His wife Yanni, in vain tried to secure his release through the German embassy. After the news of her husband’s death, she took her children and returned to Lausanne in October 1915. Aware of German complicity in the genocide, she distanced her children from their German ancestry and forbade them to speak German. Dzarougian ends his novel depicting Sevag's wife Helene (Yanni) Apel. “Janine wrote poetry in French and published them in books. One of her books received an award from the French Academy. She lived engrossed in her books and in her children Levon and Shamiram. With the passing years, ashes covered her hair, but not her heart. Her heart remained fresh and vibrant defying time and the years with an indifference but always open, always graceful on white pages and in her thoughts with her Roupen…..”. 

Much has been written about Roupen Sevag and in much more detail (see the link below). He remains a tragic but an iconic figure. Dzarugian’s novel Love in Yeghern makes for a captivating reading and justly immortalizes the young couple’s love story. 

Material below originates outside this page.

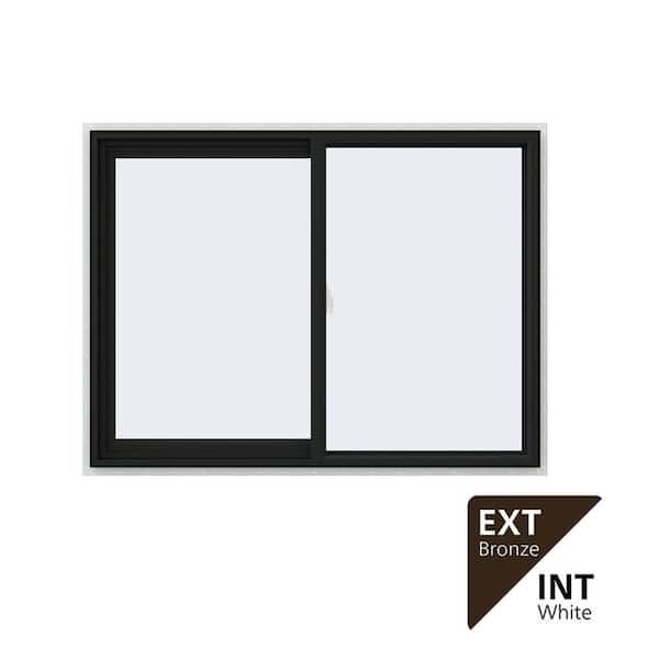 48 in. x 36 in. V-2500 Series Bronze Exterior/White Interior FiniShield Vinyl Left-Handed Sliding Window w/Mesh Screen

Love in Yeghern has not had the promotion the Sandcatle Girls novel enjoyed. Catholicos Aram has not spoken about it in public, nor has ANCA promoted the book and hailed its author, Antranig Zarougian, as it did to Chris Bohjalian and his book Sandcastle Girls. But, surely Antranig Dzarugian’s Love in Yeghern novel will long endure and outlive the Sandcastle Girls novel. It has not been translated yet.